Was zur Hölle ist denn bitte der Binnenarbeitsmarkt?

von Stefan Geßner –
Bereits im Jahr 2014 wurde der Binnenarbeitsmarkt Bundeswehr (BiAMBw) ins Leben gerufen. Dahinter steckt die Möglichkeit, innerhalb der Bundeswehr von einer der drei Statusgruppen als Soldat, Beamter oder Arbeitnehmer in eine der jeweils anderen beiden Gruppen zu wechseln. So soll das vorhandene Personal im Sinne einer langfristigen Personalbindung im Geschäftsbereich des Bundesministeriums für Verteidigung (BMVg) gehalten werden.

Direkteinstellung in die Bundeswehrverwaltung

Für Zeitsoldaten bietet der Binnenarbeitsmarkt also grundsätzlich die Chance auf einen Direkteinstieg in die Bundeswehrverwaltung. Bei Vorliegen der entsprechenden gesetzlichen Einstellungs- und Qualifikationsvoraussetzungen (u.a. formeller Bildungsabschlüsse) kann mit dem Dienstzeitende ein Wechsel auf eine zivile Beamtenstelle auch ohne eine gesonderte Laufbahnausbildung erfolgen.

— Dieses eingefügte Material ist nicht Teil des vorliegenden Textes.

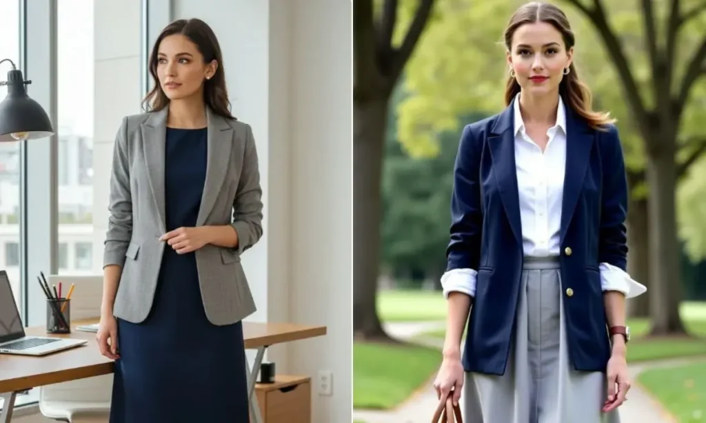 नेवी ब्लू बेहद ही रॉयल कलर होता है. इसके साथ ग्रे का कॉम्बिनेशन प्रोफेशनल और फैशनेबल होता है. नेवी ब्लू टॉप या शर्ट के साथ ग्रे ट्राउजर या ग्रे ब्लेजर बहुत सिंपल और अट्रैक्टिव लगते हैं. गर्मियों के लिए ये कलर कॉम्बिनेशन बहुत अच्छा होता है.

Für eine Direkteinstellung im mittleren Dienst ist allerdings eine förderliche Berufsausbildung notwendig, für den gehobenen Dienst ein Bachelorstudium und für den höheren Dienst ein abgeschlossenes Hochschulstudium. Zudem muss die bisherige militärische Tätigkeit zwingend anerkannt sowie geeignet sein, um die Befähigung für die jeweilige Laufbahn zu vermitteln.

Ist dies nicht der Fall, so muss nach dem Wechsel noch die entsprechende Laufbahnausbildung erfolgen. Je nach den persönlichen Voraussetzungen kann sich die notwendige Ausbildungszeit aber etwas verkürzen. Darüber hinaus ist auch eine Übernahme als Arbeitnehmer in ein klassisches Angestelltenverhältnis denkbar. Denn die Bundeswehrverwaltung hat nicht nur reine Beamtenstellen zu bieten.
 

Gesondertes Orientierungspraktikum möglich

Um nicht die Katze im Sack zu kaufen, bietet die Bundeswehr allen Soldaten die Möglichkeit eines gesonderten „Orientierungspraktikums Binnenarbeitsmarkt Bundeswehr". Dieses kann bis zu vier Wochen dauern und wird nicht auf die zeitlichen Grenzen der Berufsorientierungspraktika im Rahmen der BFD-Ansprüche angerechnet. Durch das Praktikum können interessierte Soldaten einen vertiefenden Blick hinter die Kulissen der Bundeswehrverwaltung werfen und sich vor Ort über den angestrebten Tätigkeitsbereich informieren. Das soll die Entscheidungsfindung und den Sprung in die zivilen Bereiche der Bundeswehr erleichtern.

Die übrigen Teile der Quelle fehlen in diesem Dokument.